#### Try it
The answer must consist solely of the lines from the opening line of the entries through the line with "Jakarta- Saat ini", transcribed exactly and without any pictures.

--- Dataset Enclosed Below ---

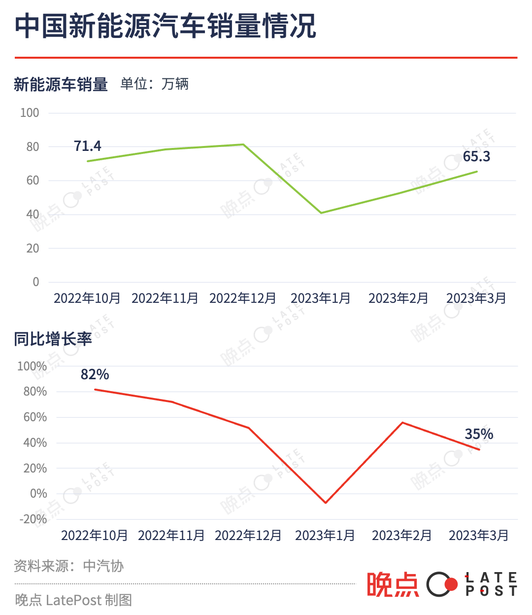 直接原因是,新能源車的銷量增勢在去年底開始轉折。2022年11月新能源車銷量同比增速跌至70% ,比10月少了10個百分點,12月進一步下滑到不足50%。而從歷史數據看,年底特別是12月應該是車市最旺季。
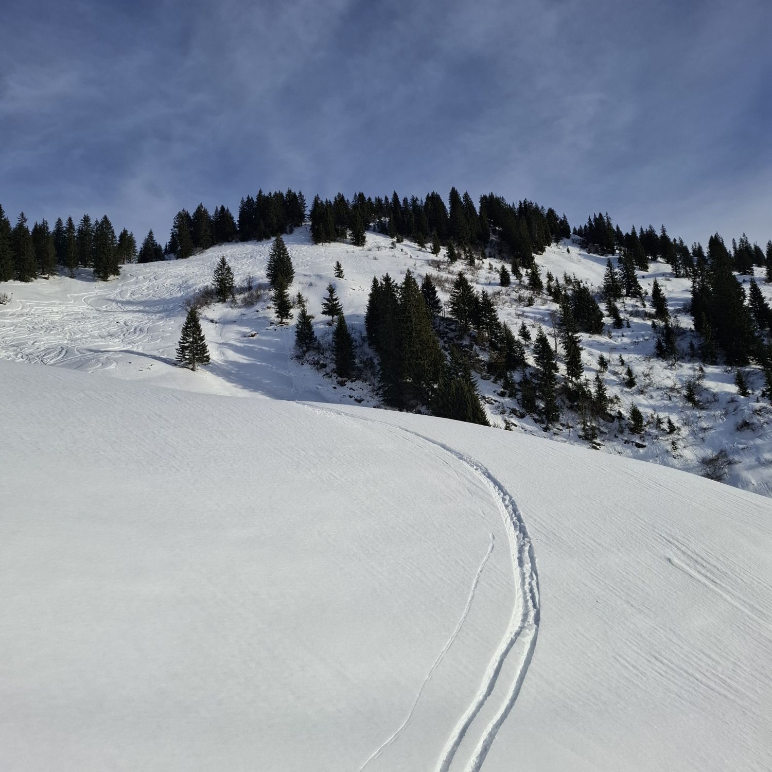 Auf guter Spur zur Piste und dann auf feiner Spur dugch den Wald bis hinauf alles bestens. Nasser "Pulver" aber sehr gut zu fahren bis Gapfohler Alpe und auf bestens präparierter Piste zum Ausgangspunkt.
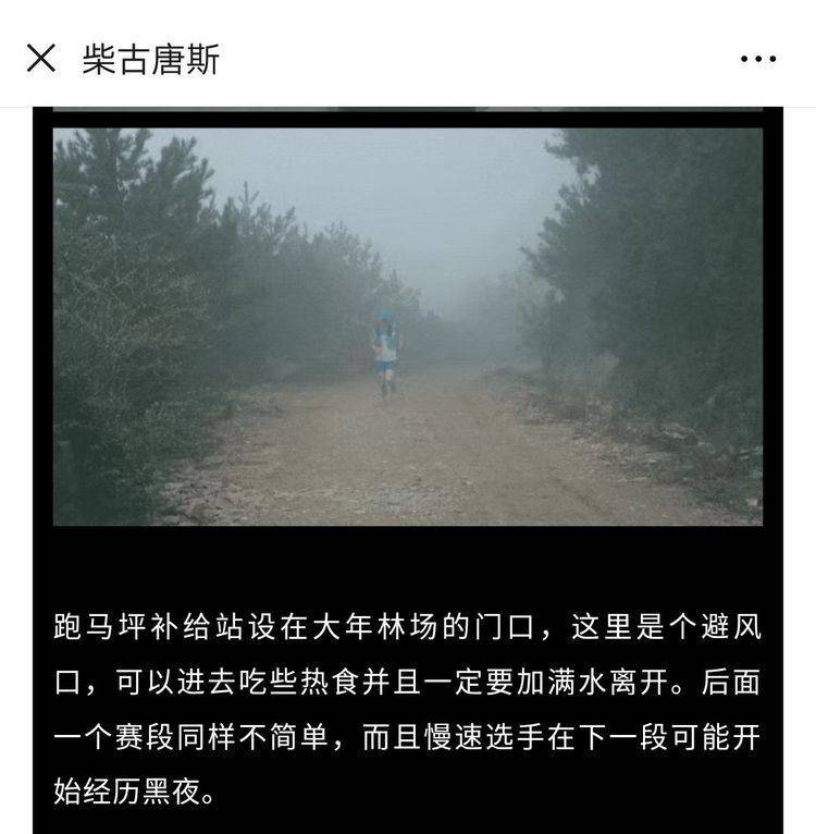 吃饱喝足离开米筛浪,虽然雾气更重,但觉浑身都充满了能量。一是真的吃了很多很多,柴古的补给真的很给力,二是后面的赛道相对要简单,心里不再有被关门的压力。这一段路,下坡跑得痛快,上坡爬得欢畅,轻轻松松就到了CP4大年林场。胃里食物没有完全消化,水袋里的水也都还算满,于是决定越过补给,直接出站。因跑得太顺,忘记了天王在赛道解析时的忠告:在跑马坪一定要注意做好补给,要吃好
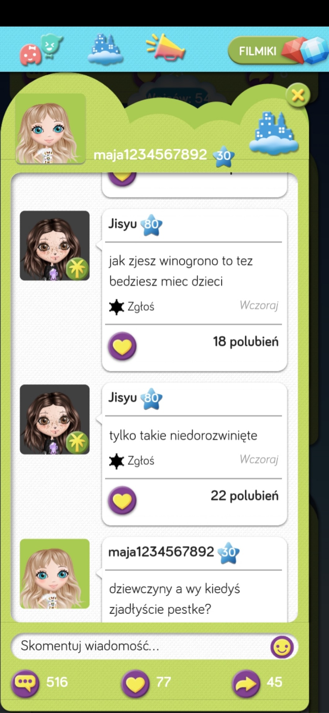 Przy pomocy wpisów możesz zadać autorowi pytanie, pochwalić go, poprosić o pomoc, a
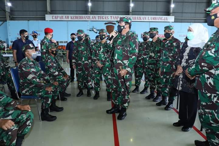 Jakarta- Saat ini kita telah memasuki jadwal vaksinasi Covid-19 tahap 2 kepada Prajurit TNI. Vaksinasi telah dimulai di beberapa tempat sejak tanggal 1 Maret 2021. Diharapkan pada akhir April 2021 seluruh prajurit TNI sudah memperoleh vaksinasi,” kata Panglima TNI Marsekal TNI Hadi Tjahjanto, S.I.P. saat meninjau pelaksanaan Vaksinasi Covid-19 Nasional bagi Prajurit TNI, bertempat di Skuadron Udara 32, Malang, Jawa Timur, Jumat (12/3/2021).
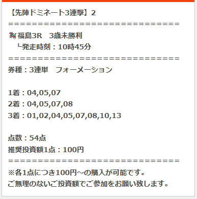 福島11Rの吾妻小富士ステークスで49万1000円、中山11Rのニュージーランドトロフィーで29万5700円。配当総額は78万6700円。
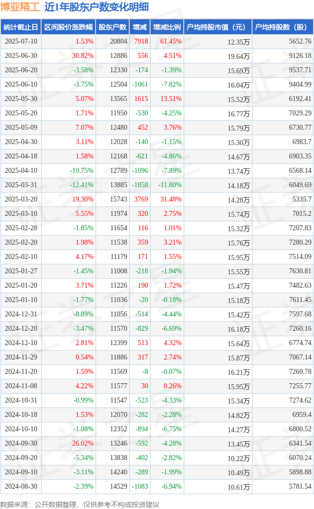从股价来看,2025年6月30日至2025年7月10日,博亚精工区间涨幅为1.53%,在此期间股东户数增加7918.0户,增幅为61.45%。

--- End of Enclosed Dataset ---

#### Exercise answer
 直接原因是,新能源車的銷量增勢在去年底開始轉折。2022年11月新能源車銷量同比增速跌至70% ,比10月少了10個百分點,12月進一步下滑到不足50%。而從歷史數據看,年底特別是12月應該是車市最旺季。
 Auf guter Spur zur Piste und dann auf feiner Spur dugch den Wald bis hinauf alles bestens. Nasser "Pulver" aber sehr gut zu fahren bis Gapfohler Alpe und auf bestens präparierter Piste zum Ausgangspunkt.
 吃饱喝足离开米筛浪,虽然雾气更重,但觉浑身都充满了能量。一是真的吃了很多很多,柴古的补给真的很给力,二是后面的赛道相对要简单,心里不再有被关门的压力。这一段路,下坡跑得痛快,上坡爬得欢畅,轻轻松松就到了CP4大年林场。胃里食物没有完全消化,水袋里的水也都还算满,于是决定越过补给,直接出站。因跑得太顺,忘记了天王在赛道解析时的忠告:在跑马坪一定要注意做好补给,要吃好
 Przy pomocy wpisów możesz zadać autorowi pytanie, pochwalić go, poprosić o pomoc, a
 Jakarta- Saat ini kita telah memasuki jadwal vaksinasi Covid-19 tahap 2 kepada Prajurit TNI. Vaksinasi telah dimulai di beberapa tempat sejak tanggal 1 Maret 2021. Diharapkan pada akhir April 2021 seluruh prajurit TNI sudah memperoleh vaksinasi,” kata Panglima TNI Marsekal TNI Hadi Tjahjanto, S.I.P. saat meninjau pelaksanaan Vaksinasi Covid-19 Nasional bagi Prajurit TNI, bertempat di Skuadron Udara 32, Malang, Jawa Timur, Jumat (12/3/2021).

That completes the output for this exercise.